The woman who carried these was part of a resistance movement whose sigil is burned into the wooden box. The leaders of this movement used these charcoals to mark locations of sympathizers and safehouses. A symbol representing up to three words of information can be created with these; their meaning will be immediately obvious to one sympathetic with the resistance. This will appear to be a smudge to anyone else.

5: Playing Cards of a Distant Kingdom

Mundane

A set of playing cards with four suits: coins, cups, staves, and swords. The “face cards” represent well-known nobles of a distant kingdom.

Masterwork

There are some irregularities among the nobles depicted on the cards that represent recent upheaval in the distant kingdom. Some faces that one would expect are missing, others have “increased in rank,” and there is a mysterious new “king.”

Magic

The cards were developed by a Machiavellian schemer to bring ill fortune to the noble families depicted therein. If this deck is carried within the city where one of these nobles resides, he has a 1 in 16 chance per week (all 4s on 2d4) of experiencing a truly unfortunate event. If they are brought into that noble’s house, this chance increases to once per day, and the accident stands a strong chance of being fatal.

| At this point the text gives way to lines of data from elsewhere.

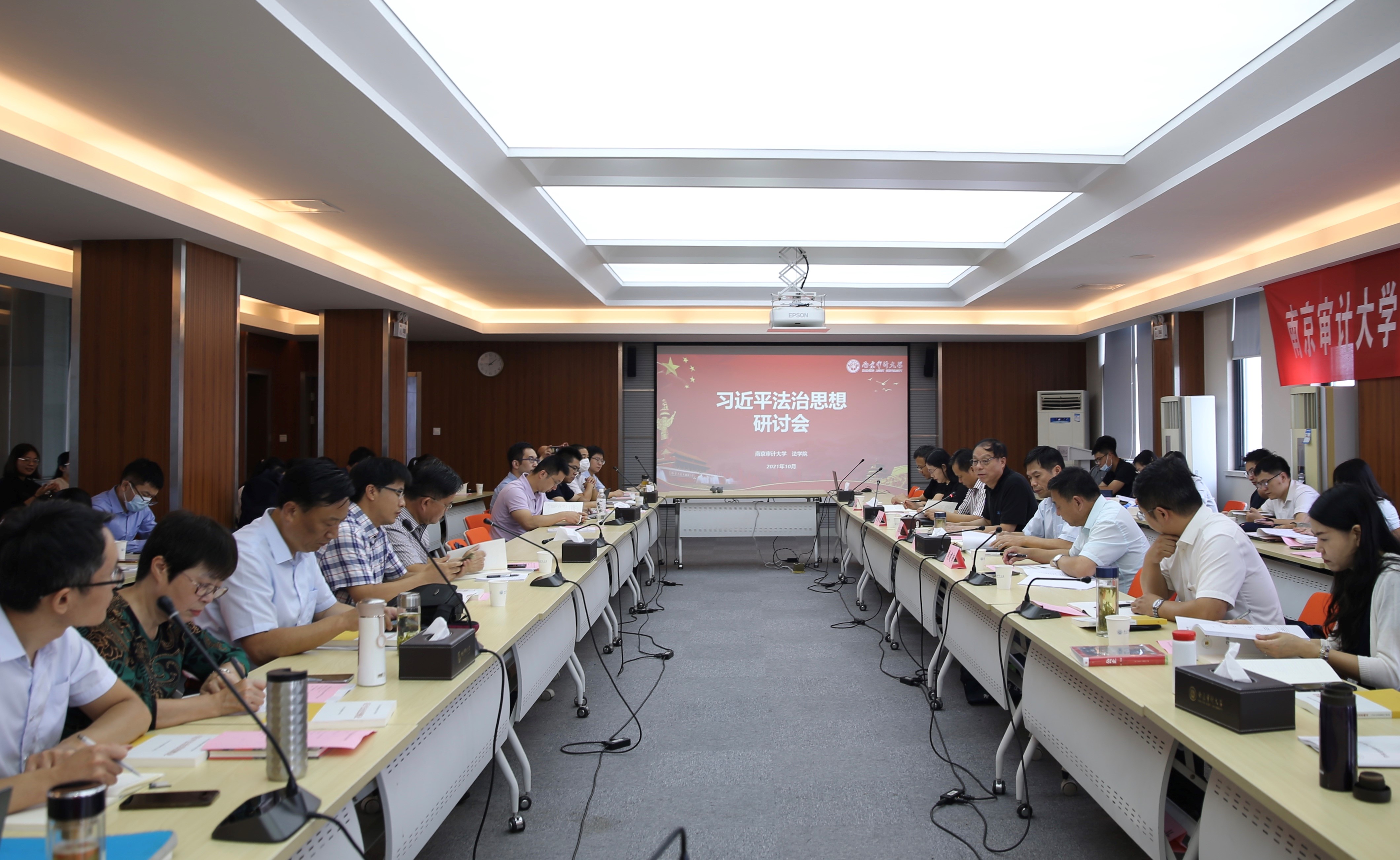 为深入学习习近平法治思想,2021年10月9日上午,无码直播 在中和楼502会议室召开了习近平法治思想研讨会,无码直播 党委副书记、校长刘旺洪教授、教师发展与评价处处长刘爱龙教授、科研处处长汪自成教授、博物馆馆长谢冬慧教授、外国语学院党总支书记江振春教授等法学学科教师近60人出席会议并参与研讨,本次会议由无码直播 党委书记刘宏宇主持。
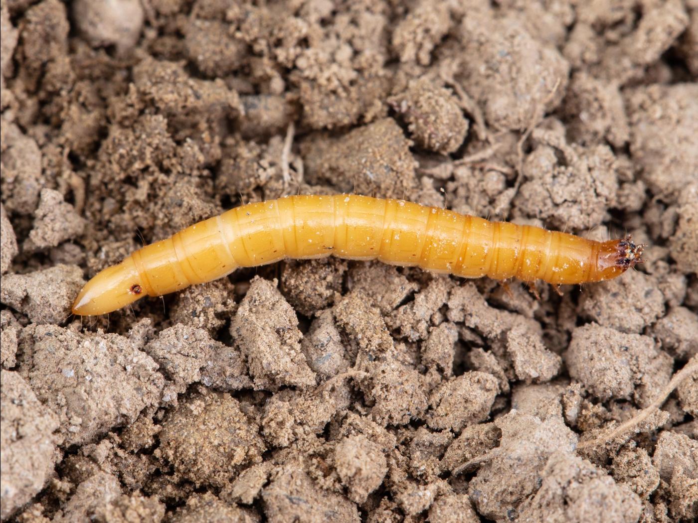 Légende: Larve de ver fil-de-fer du genre Agriotes
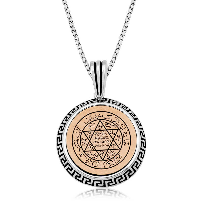 Davud yıldızı veya altı köşeli yıldız olarak da bilinen Süleyman mührünün hikmetlerini saymakla bitiremeyiz. Mührü yanında taşıyan kişiye büyü etki etmez. Kişi her türlü nazardan korunur. Taşıyan kişiye şeytan ve türevlerinin etki etmemesi gibi pek çok şifası vardır. Kolye 925 ayar gümüşten imal edilmiştir. Gümüş üzerine oksit kaplama yapılmıştır. Oksit kaplama yapılan gümüş kolyeler parlaklığını uzun süre muhafaza eder. Tüm gümüş kolyelerde olduğu gibi gümüş Süleyman mührü kolye de el emeği ile üretilmiştir. Gümüş ve değerli taşlar nedeniyle belirtilen ortalama ürün ağırlığında ± %10 sapma olabilmektedir.
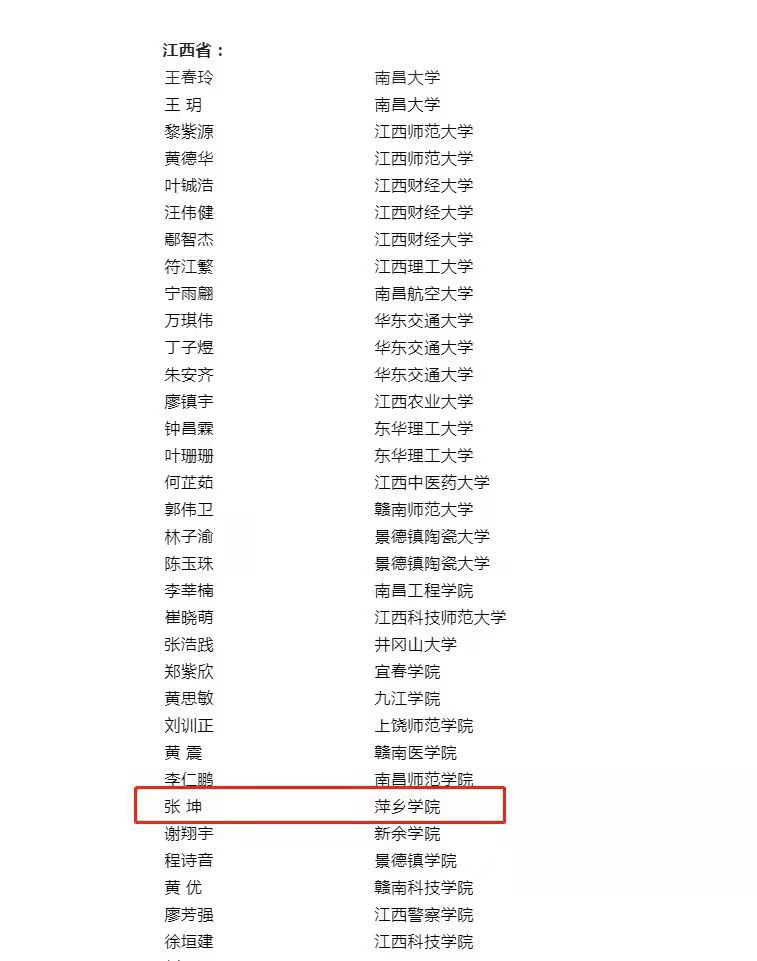 在省级评审阶段,材料与化学工程学院19无机非金属材料工程1班王添毅同学获评2021年度“江西省大学生自强之星”荣誉称号。
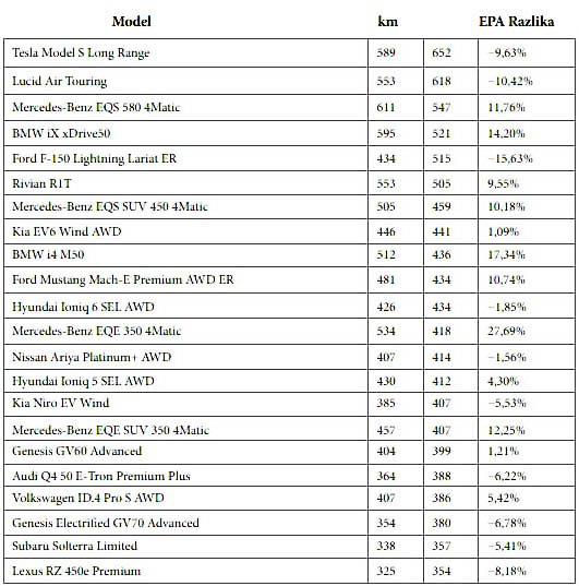 Svake godine svjedoci smo brojnih testova dometa električnih vozila, a sada je American Consumer Reports uradio još jedan – ali na autocesti. Testirana su 22 električna automobila pri brzini od 112 km/h sve dok nisu stala zbog manjka struje. Treba znati da je test proveden na ljetnim temperaturama te da je zimi domet znatno kraći. Automobili su zatim uspoređeni sa službenom brojkom EPA-e, što je američka inačica WLTP-a. Ispostavilo da je nekoliko automobila vozilo više nego što EPA najavljuje, dok su neki prešli manje kilometara.
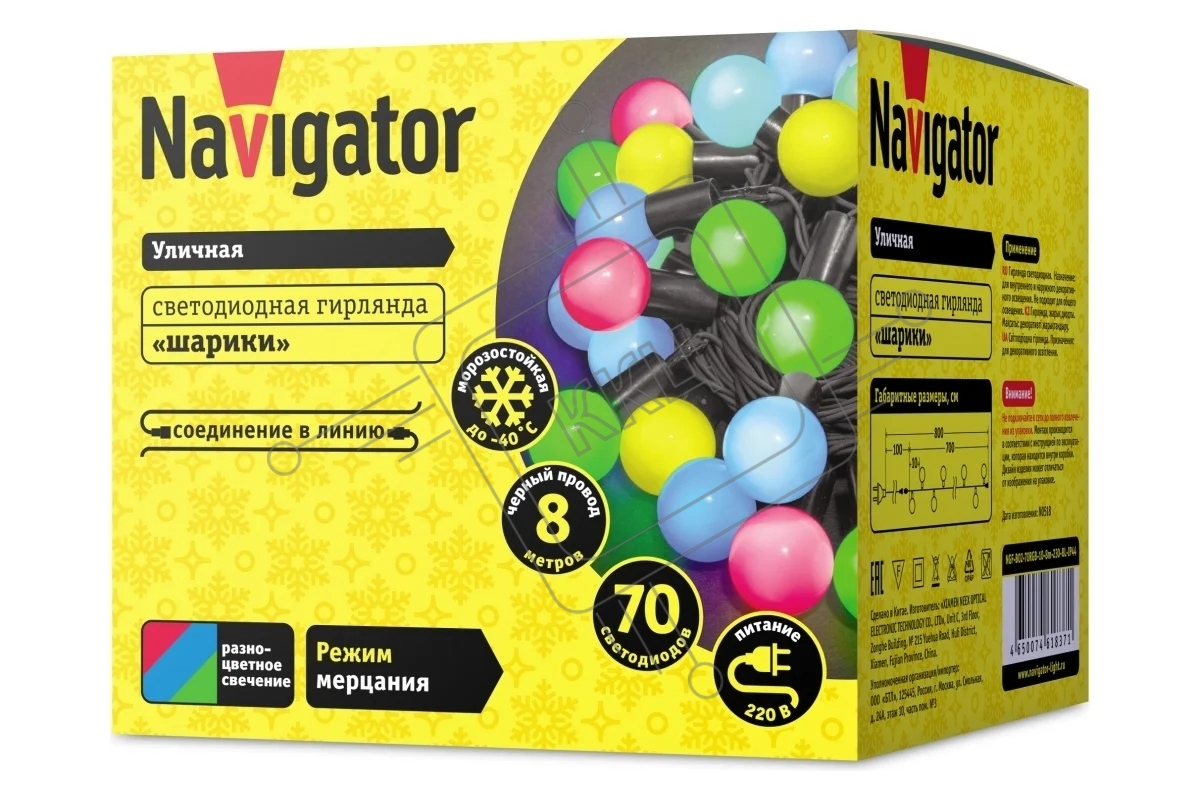 Гирлянда Navigator 61837 NGF-B02-70RGB-10-8m-230-BL-IP44
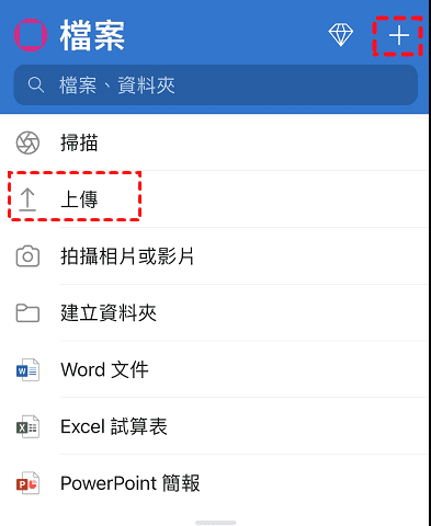 OneDrive 的自動上傳是將手機中的所有照片上傳,如果您不想上傳所有的照片,可以自己手動上傳照片到 OneDrive 。按照下面的作業方式手動上傳 iPhone 照片到 OneDrive 。
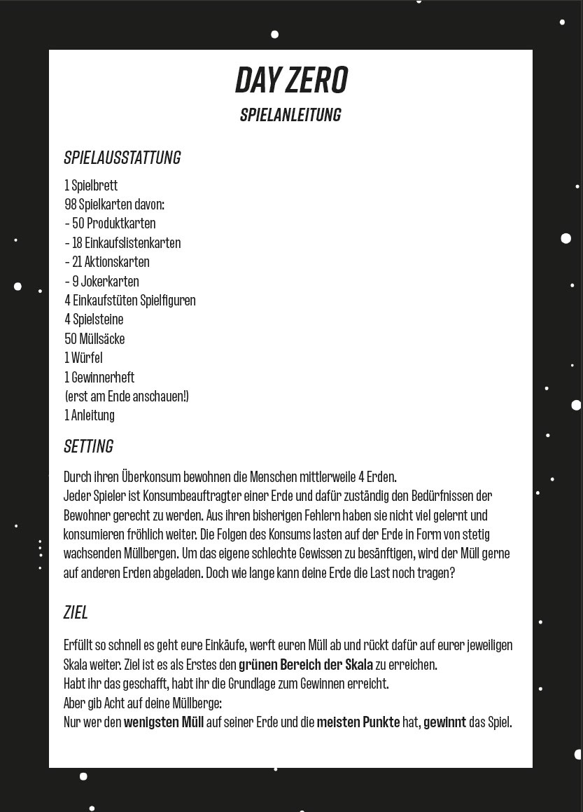 Day Zero - konsumiert euch glücklich ist ein Brettspiel, dass kritisch die westliche Konsumgesellschaft beleuchtet., in der wir weit über unsere Verhältnisse hinaus leben. Day Zero steht symbolisch für das Ablaufdatum unserer Erde. Ziel des Spiels ist es schnell die Einkäufe zu erledigen und den produzierten Müll auf anderen Planeten abzuladen.
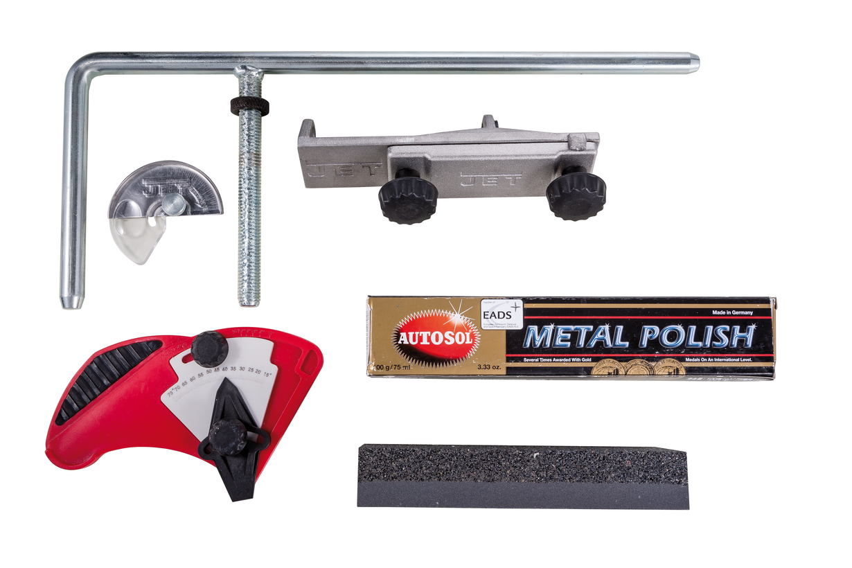 Станок укомплектован кронштейнами-направляющими для работы с использованием вспомогательных приспособлений, большой ассортимент которых представлен под маркой Jet и поставляется штатно или за дополнительную плату.
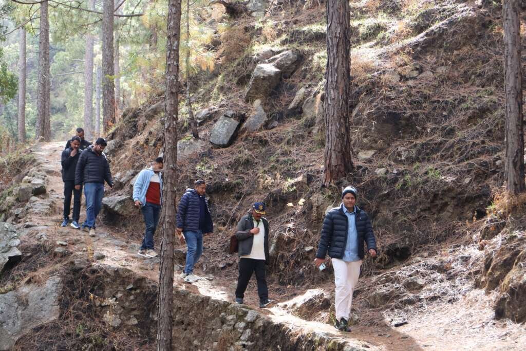 बसौटी माफी से रौकुंवर तक लगभग 3 किलोमीटर का दुर्गम जंगल मार्ग पैदल तय कर जिलाधिकारी गांव पहुंचे।

6: Meticulous Sculptor’s Carving Knives

Mundane

A small leather roll contains four fine blades ranging from the size of a thumbnail to a sunflower seed, each mounted on a silver handle about 10cm long. The kit also contains two triangular files.

Masterwork

Created for a famous sculptor, the blades are forged of a metal so rare as to almost be mythic. They carve metals as easily as bone or wood.

Magic

The sculptor was known for her detailed filigree work, and commissioned these knives to let her carve inside small areas which would otherwise be inaccessible to her hands. Anything cut by the larger blade will rematerialize in an hour; metal will reattach itself to metal just as skin will stitch itself shut.

7: Mbira (Thumb Piano)

Mundane

This palm-sized tortoise shell instrument is held in two hands. Music is made when the player’s thumbs stroke metal tines arranged in a row across the flat part of the shell. A sound hole on the curved part of the shell allows the player to adjust the quality of sound by the position of his finger. The music produced by this piano is a pleasant twang best accompanied by other bira (pianos), drums, and vocal chanting.

Masterwork

This particular mbira was made by a clever thief who was tired of losing lock picks to the city guard every time he was searched. Each of the 13 tines of the fully functioning piano doubles as a lock pick. In a culture where the mbira is not uncommon, the only way someone would search closely enough to find this is if they suspected the musician; even then, they would likely search inside the shell and not look at the tines themselves. In cultures where this instrument is foreign, someone who knows how to play this instrument can still put on a compelling performance to convince the guards that there’s nothing to see here.

Magic

The thief who made this traveled often with a sorcerer fond of casting a magic silence in the area of their targets. While the thief appreciated the veil, he grew tired of not being able to hear sounds himself. He and the sorcerer devised an enchantment that creates a zone of silence around the shell–but one may hold the shell to his ear to hear the sounds that are otherwise muffled in the zone.

8: Cartographer’s Charts

Mundane

This item is an unfinished yet highly detailed map of a largely unexplored area. It bears the insignia of an elite cartographer’s guild.

Masterwork

These maps benefit from “satellite imagery;” in fantasy terms, the mapmaker had the benefit of flight in creating these maps (whether by balloon, carpet, or dragon depending on the flavor of your fantasy).

Magic

The map fills itself in as one is exploring unmapped territory. The guild represented by the insignia is a secretive worldwide group of explorers who wishes to map every place on the earth. Only a few of these magic maps are in their possession, and they are given to trusted explorers.